The two-part study concluded that the country’s opinion formers are keen to move away from capital punishment and that the public are open to change.
The research was commissioned by The Death Penalty Project, in partnership with LBH Masyarakat and the University of Indonesia and conducted by Prof. Carolyn Hoyle of the Death Penalty Research Unit at the University of Oxford to investigate the widely accepted belief that the majority of Indonesians support the death penalty. Through nuanced questioning, the study sought to better understand attitudes and examine how entrenched views were in order to facilitate a constructive discourse.
The study showed that the more information people were presented with regarding the application of the death penalty, the less they supported it. Likewise, when presented with mitigating circumstances, public support for the death penalty fell dramatically. Findings suggest that the public are not opposed to abolition but that they lack the knowledge required to engage fully with the subject.
Indonesia is among the minority of countries that retain the death penalty in law. There are several crimes which are punishable by death, including murder, robbery, terrorism, and drug offences. Over 60% of death sentences handed down in the country, and half of all executions carried out in the past 20 years, have been for drug related crimes. The report also found that support for the death penalty in realistic scenarios was lower than in the abstract and when shown the possibility that innocent people could be executed, public support for abolition rose from 18% to 48%.
Like many of its South East Asian neighbours, Indonesia retains the death penalty with the assumption that it serves as an effective deterrent against crime, in particular drug trafficking, yet there are have been no academic studies carried out that support this belief.
Muhammad Afif, Director, LBH Masyarakat said; “The two reports show that achieving abolition of the death penalty is not impossible in Indonesia. The opinions of both the public and elites give hope to death row inmates that one day we may be free from the firing squad.”
Parvais Jabbar, Co-Executive Director of The Death Penalty Project said;
“Public support continues to be cited by the Indonesian government as the rationale for retaining the death penalty, but the findings of our research indicate the public is in fact open to a change in policy on this important issue. There is clear support for abolition amongst opinion formers and findings evidence that the more the public knows about the death penalty the less they support it.
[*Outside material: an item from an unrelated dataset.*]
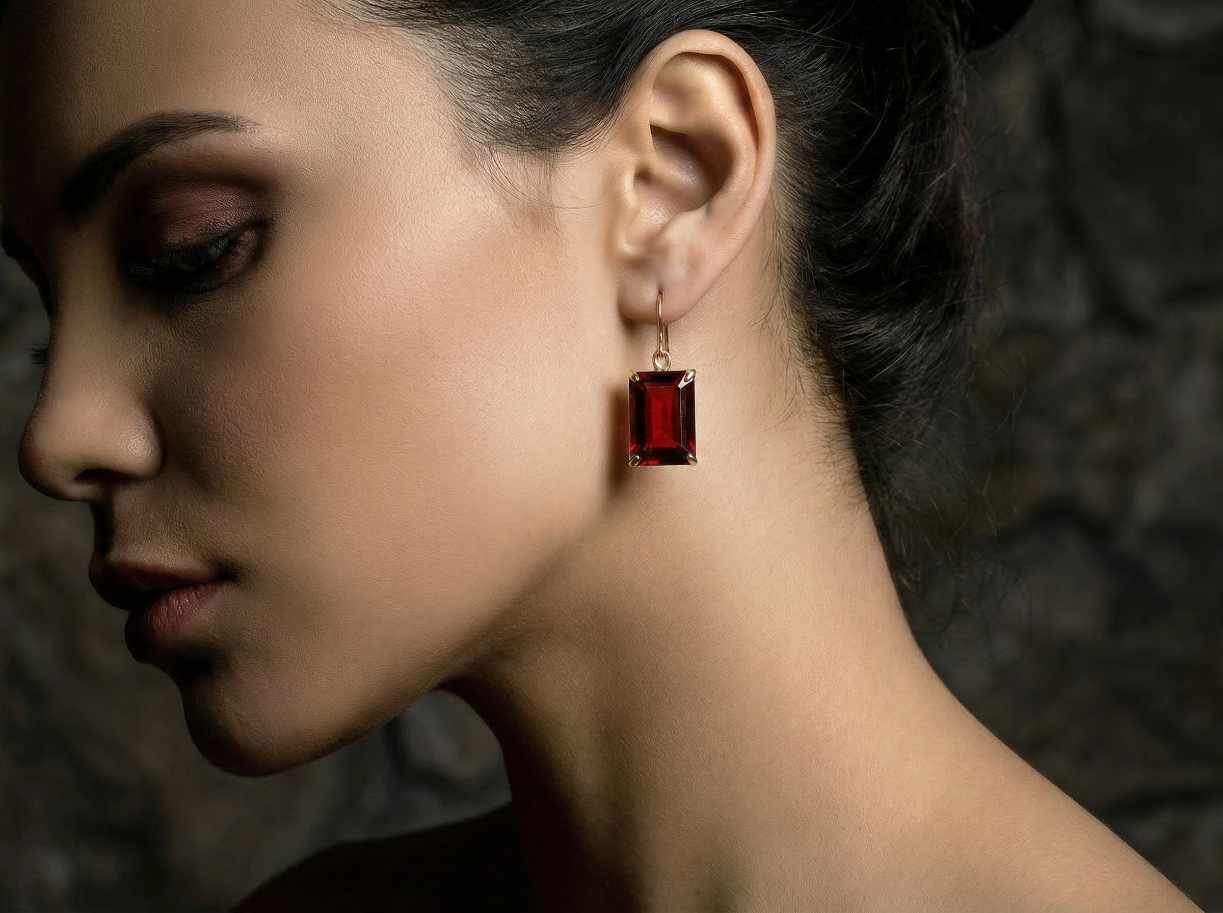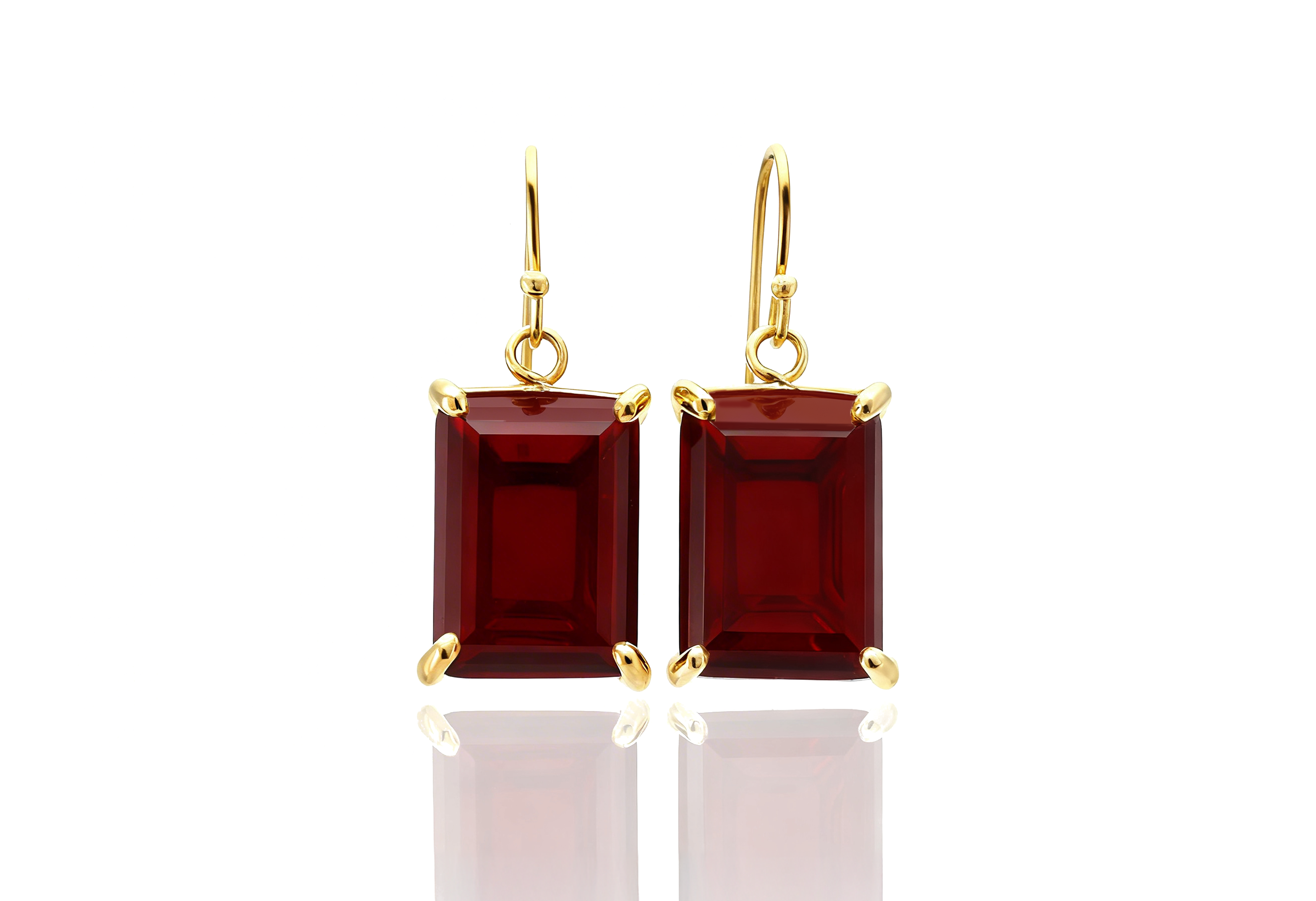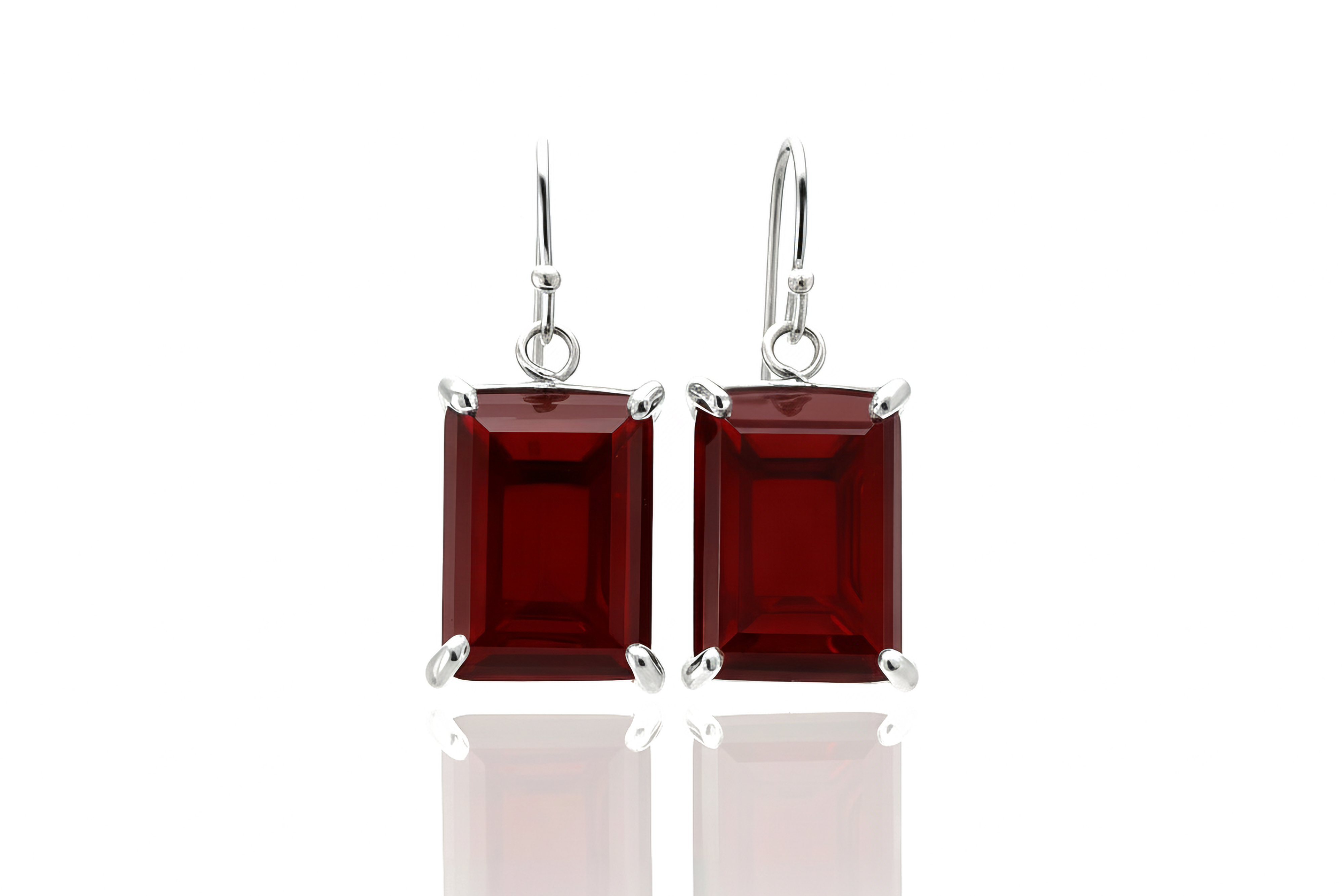 925 Silver Garnet Rectangle Dangle Earrings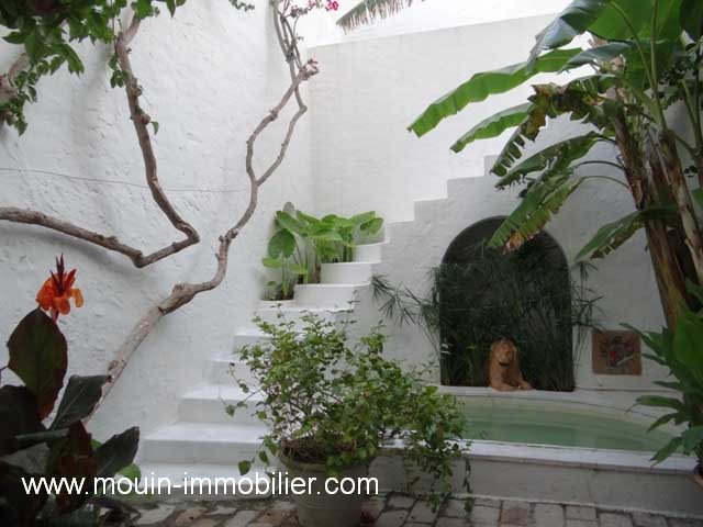 A louer pour des courtes durées une demeure au charme atypique située dans le coeur de la vieille Medina Hammamet, immergée dans un cadre exceptionnel créant une belle harmonie entre la continuité et profondeur du ciel et la mer, la blancheur des murs et des meubles et la fraicheur des plantes verdâtre.

We hope that the data and analysis gathered in the two reports can be used to facilitate a constructive dialogue on the future of capital punishment in Indonesia.”
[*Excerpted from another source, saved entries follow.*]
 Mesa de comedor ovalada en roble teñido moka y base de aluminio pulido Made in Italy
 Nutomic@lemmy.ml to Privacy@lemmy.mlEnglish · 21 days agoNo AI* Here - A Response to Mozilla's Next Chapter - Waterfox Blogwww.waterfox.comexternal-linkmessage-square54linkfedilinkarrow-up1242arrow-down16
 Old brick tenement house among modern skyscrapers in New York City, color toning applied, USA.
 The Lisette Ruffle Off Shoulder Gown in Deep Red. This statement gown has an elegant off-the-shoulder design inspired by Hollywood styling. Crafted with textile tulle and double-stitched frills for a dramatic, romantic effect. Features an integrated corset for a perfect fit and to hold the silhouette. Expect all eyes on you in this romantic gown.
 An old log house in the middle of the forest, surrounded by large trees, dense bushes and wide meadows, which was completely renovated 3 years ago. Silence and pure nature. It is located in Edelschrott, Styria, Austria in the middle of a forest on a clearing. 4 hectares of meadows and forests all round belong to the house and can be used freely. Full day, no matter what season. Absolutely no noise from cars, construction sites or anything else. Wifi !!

An Appetite for Change: Interviews were conducted with 40 opinion leaders; considered influential in shaping, or in responding to, public opinion from across Indonesia.
No Barrier to Abolition: public opinion research was undertaken by surveying a representative sample of 1,515 respondents, allowing us to understand the views of the overall population.
Death Penalty Project
The Death Penalty Project (DPP) is a legal action NGO with special consultative status before the United Nations Economic and Social Council. For more than three decades, the DPP has worked to protect the rights of those facing the death penalty.
Caroyln Hoyle is Professor of Criminology and Director of the Death Penalty Research Unit and the University of Oxford. For almost thirty years, she has taught and researched at the University of Oxford, with a particular focus on the death penalty. She is co-author, with Professor Roger Hood, of The Death Penalty: A Worldwide Perspective, as well as other books, reports and academic journals on capital punishment and criminiological topics.
LBH Masyarakat is a non-profit organisation that provides free legal aid services for marginal communities and death row prisoners in Indonesia.
University of Indonesia
The University of Indonesia, is a public university in Depok, West Java and Salemba, Jakarta, Indonesia. It is one of the oldest tertiary-level educational institutions in Indonesia and is generally considered as one of the most prestigious universities in the country.
Death penalty in Indonesia
The death penalty is retained as punishment in Indonesia and as well as being imposed in murder cases, it is frequently applied to drug offences. The last known executions to be carried out in Indonesia were in 2016 when four men, including three foreign nationals were executed by firing squad for drug trafficking. Drug offences do not meet the international law threshold of ‘most serious’ crimes and executions carried out for drug offences are in violation of human rights laws and standards. There are currently at least 355 people on death row in Indonesia.
Death penalty around the world
Over the last four decades the number of countries to have abolished the death penalty continues to increase, and those that regularly execute find themselves in a small minority. Today, 109 of 193 member states have removed the death penalty from their statute books completely, most recently Malawi, which abolished the death penalty in April of this year. Currently 49 countries are regarded as abolitionist de facto, having not carried out an execution within the past 10 years. Indeed, the vast majority of executions are undertaken by a small subset of nations: at least 88% of global executions in 2020 occurred in China, Iran, Egypt, Iraq and Saudi Arabia.